Exercise description: Exact copy, no pictures: return only the lines below from the line with "E Gomme / G" up to and including the line with "自分たちで考案したレシピを基に、材料を調合し、袋詰めを行いました。".

Records for processing:
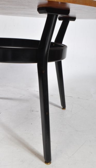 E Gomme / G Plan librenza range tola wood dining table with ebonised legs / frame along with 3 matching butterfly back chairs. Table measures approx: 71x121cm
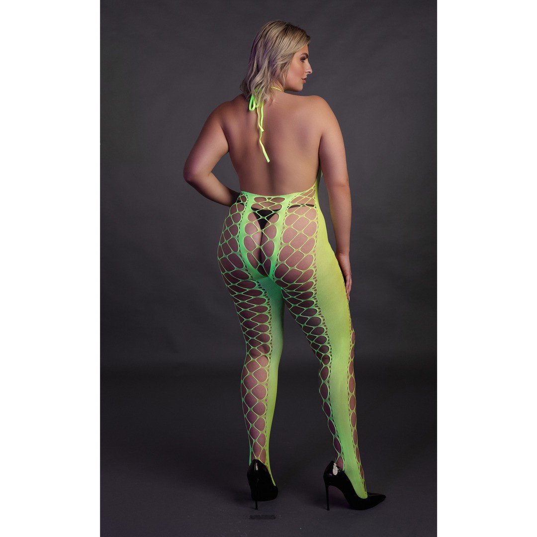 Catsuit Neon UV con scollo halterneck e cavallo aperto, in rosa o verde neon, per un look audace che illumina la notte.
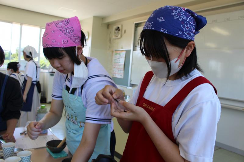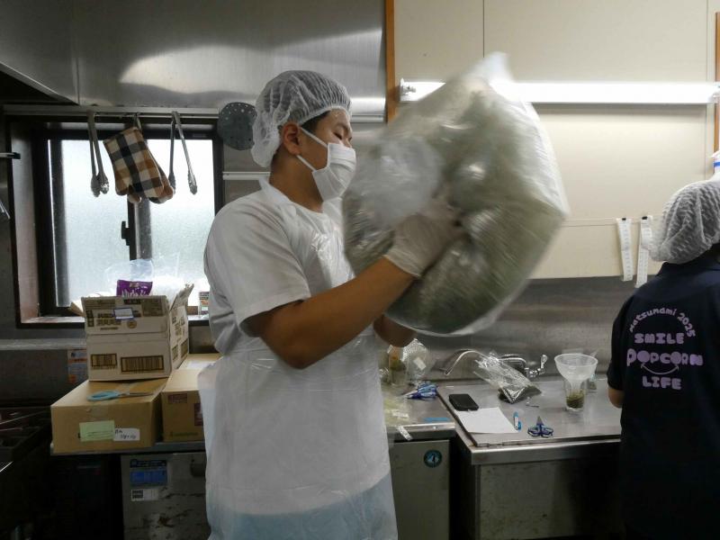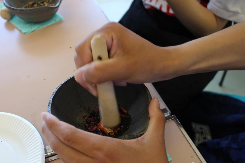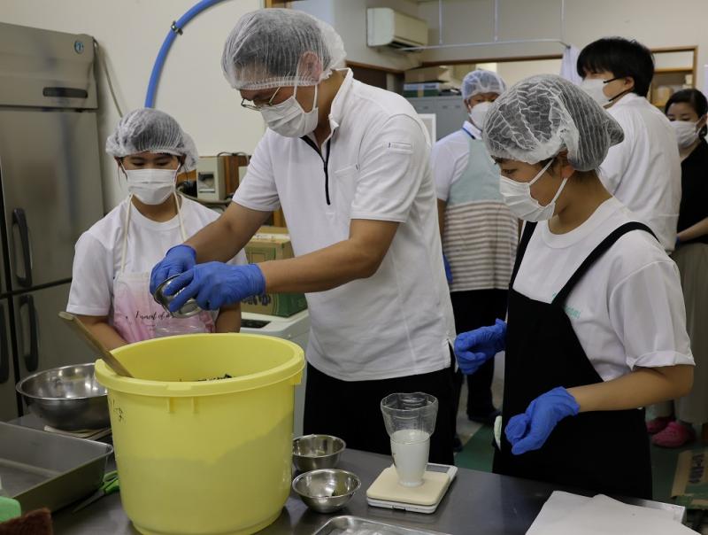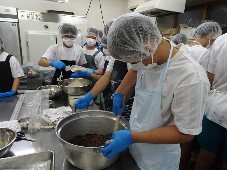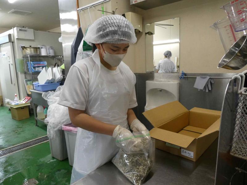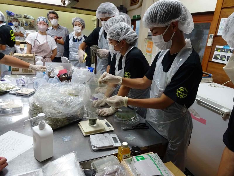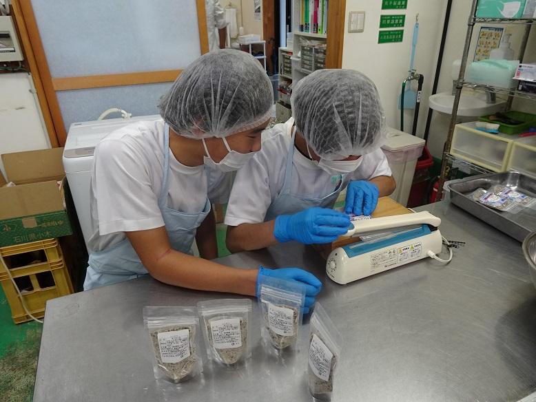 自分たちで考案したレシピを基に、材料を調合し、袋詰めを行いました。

---

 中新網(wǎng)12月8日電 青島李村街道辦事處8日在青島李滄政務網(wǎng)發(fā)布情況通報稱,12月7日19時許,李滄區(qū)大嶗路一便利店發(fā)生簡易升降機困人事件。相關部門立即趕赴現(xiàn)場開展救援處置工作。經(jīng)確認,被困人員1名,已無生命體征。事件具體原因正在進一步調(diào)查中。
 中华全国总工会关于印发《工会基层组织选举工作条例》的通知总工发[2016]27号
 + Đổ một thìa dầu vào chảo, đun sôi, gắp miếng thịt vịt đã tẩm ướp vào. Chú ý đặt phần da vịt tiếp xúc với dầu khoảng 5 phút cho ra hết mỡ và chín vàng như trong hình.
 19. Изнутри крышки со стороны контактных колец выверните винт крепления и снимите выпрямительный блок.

* * *

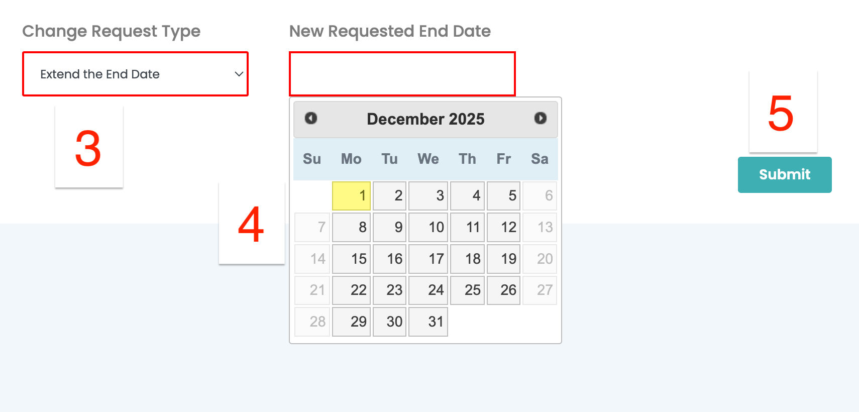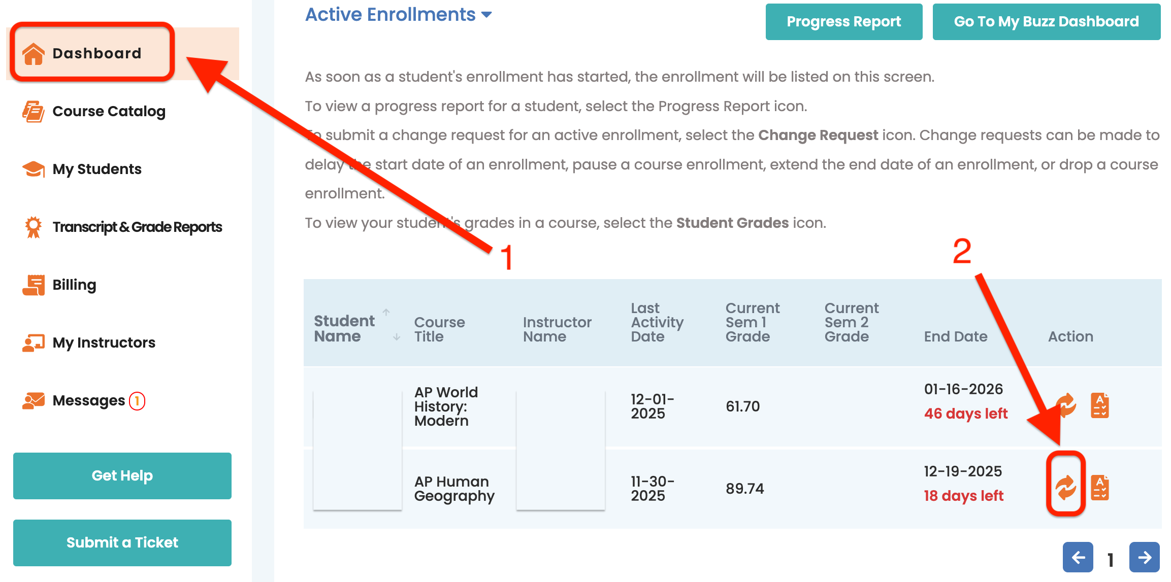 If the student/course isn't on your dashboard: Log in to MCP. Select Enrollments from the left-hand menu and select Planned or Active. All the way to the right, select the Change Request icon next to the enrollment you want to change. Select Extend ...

Answer:
 E Gomme / G Plan librenza range tola wood dining table with ebonised legs / frame along with 3 matching butterfly back chairs. Table measures approx: 71x121cm
 Catsuit Neon UV con scollo halterneck e cavallo aperto, in rosa o verde neon, per un look audace che illumina la notte.
 自分たちで考案したレシピを基に、材料を調合し、袋詰めを行いました。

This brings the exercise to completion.